Smoke in Cargo Area Causes American Airlines to Make Emergency Landing

An American Airlines flight was forced to make an emergency landing at a regional airport in central Texas on Friday after the pilots detected smoke in the plane’s cargo area.

The pilots of American Airlines flight 385 successfully landed the plane at Killeen-Fort Hood Regional Airport and brought the aircraft to a full stop, according to a news release from the city of Killeen, Texas. They initiated the emergency landing after becoming aware of the smoke shortly after 2 pm local time.

Robert Gray Army Airfield Fire and Emergency services were dispatched to the aircraft, and all 35 passengers and three crew members were safely deplaned and evaluated by emergency personnel, according to the news release. None of the passengers or crew were found to have illnesses or injuries.

Officials could not find the cause of the smoke and the plane was cleared to return to service, the city said.

On Friday, an American Airlines flight departing Dallas had to make an emergency landing in Killeen, Texas, after pilots detected smoke in the plane’s cargo area. Above, an American Airlines Boeing 737 MAX airplane takes off on a test flight from Dallas-Fort Worth International Airport in Dallas, Texas, on December 2, 2020.
Cooper NEILL/Getty Images

The flight had departed Dallas at 1:10 pm on Friday with a final destination of Killeen, according to flight-tracking website FlightAware. American Airlines has scheduled on Saturday and Sunday the same flight from Dallas to Killeen, a city of about 153,000 that’s home to the Fort Hood Army base.

news week reached out to American Airlines and the city of Killeen for additional comment.

Other flights this month had delays or were forced to make emergency landings for more dramatic reasons.

An American Airlines flight headed from Connecticut to Miami was diverted to Norfolk, Virginia due to a mechanical issue earlier this month, Portsmouth, Virginia news station WVBT reported. The airline sent another aircraft to Norfolk to transport the 147 people on the plane to Miami.

An AirAsia flight from Malaysia’s capital Kuala Lumpur to Tawau, Sabah on Thursday, had to divert after passengers spotted a snake in an overhead luggage compartment. The airline called it a “very rare incident.”

On Wednesday, a Frontier Airlines flight was delayed from taking off from Cleveland, Ohio, when a passenger physically assaulted a gate agent. The passenger reportedly reacted violently after the gate agent told him he had too much to drink and needed to exit the aircraft.

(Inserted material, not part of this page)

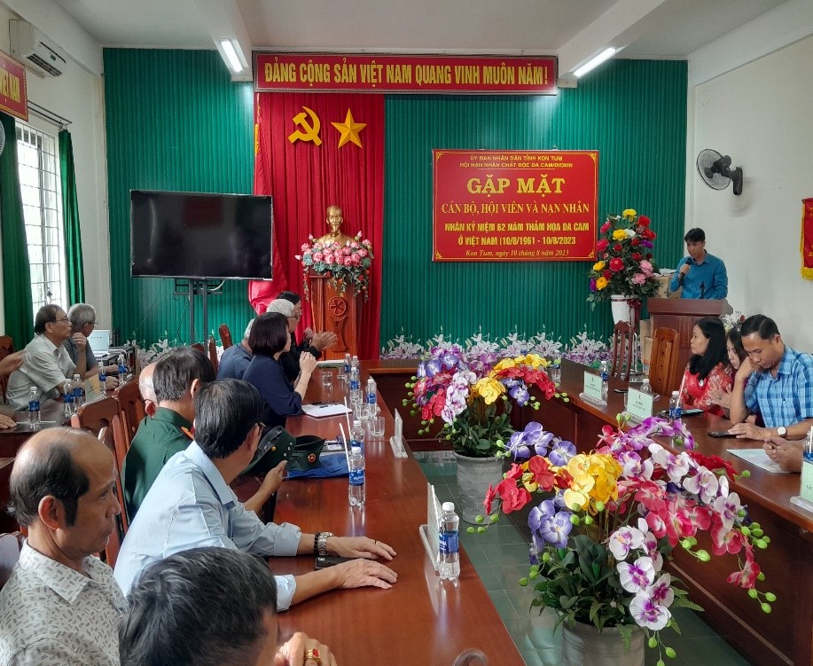 Tại buổi gặp mặt ông Nguyễn Văn Giỏi, Chủ tịch Hội NNCĐDC/dioxin tỉnh cho biết, Từ năm 1961 đến năm 1971, quân đội Mỹ đã phun rải chất độc hóa học ở nhiều tỉnh của miền Nam Việt Nam; riêng tỉnh Kon Tum, quân đội Mỹ đã phun rải khoảng 346 nghìn lít, trong đó có khoảng 34 nghìn lít chất độc da cam/dioxin, hơn 78 nghìn lít chất xanh, 132 nghìn lít chất trắng, hơn 25 nghìn lít chất khác, phun rải hơn 351 ha chiếm 5% trên tổng diện tích tự nhiên của tỉnh. Hơn 100.000 ha rừng tự nhiên bị phá hủy hoàn toàn tạo nên vùng đất “chết” các hệ sinh thái bị hủy diệt và nhiều người bị nhiễm CĐHH trực tiếp trong chiến tranh. Chất độc da cam đã làm cho 4,8 triệu người Việt Nam bị phơi nhiễm, hơn 3 triệu người là nạn nhân; riêng tỉnh Kon Tum có gần 8.000 người bị nhiễm chất độc hóa học, trong số đó có hơn 1.000 người đang được hưởng chế độ trợ cấp hằng tháng của Nhà nước. Phần lớn gia đình nạn nhân chất độc da cam có hoàn cảnh khó khăn, nhiều bệnh tật hiểm nghèo. Mặc dù đã có chế độ chính sách của Đảng và Nhà nước, sự quan tâm của các nhà hảo tâm và xã hội, nhưng vẫn không thể bù đắp hết nỗi đau còn mang trên người, nhiều người đã chết, nhiều người hàng ngày, hàng giờ đang sống trong bệnh tật dày vò do di chứng tàn khốc của chất độc da cam…họ rất cần sự quan tâm chia sẻ của toàn xã hội.

The man said he was the only fan of the Cincinnati Bengals, who are playing in Super Bowl LVI this weekend, and had been drinking too much.

The same day, a flight from New York to Florida was forced to land in Raleigh, North Carolina after a passenger began threatening others onboard the aircraft.

Flight diversions are rare events. According to the Bureau of Transportation Statistics, less than 1 percent of flights by major US air carriers were diverted in 2020 (the most recent year data is available for) as well as subsequent years.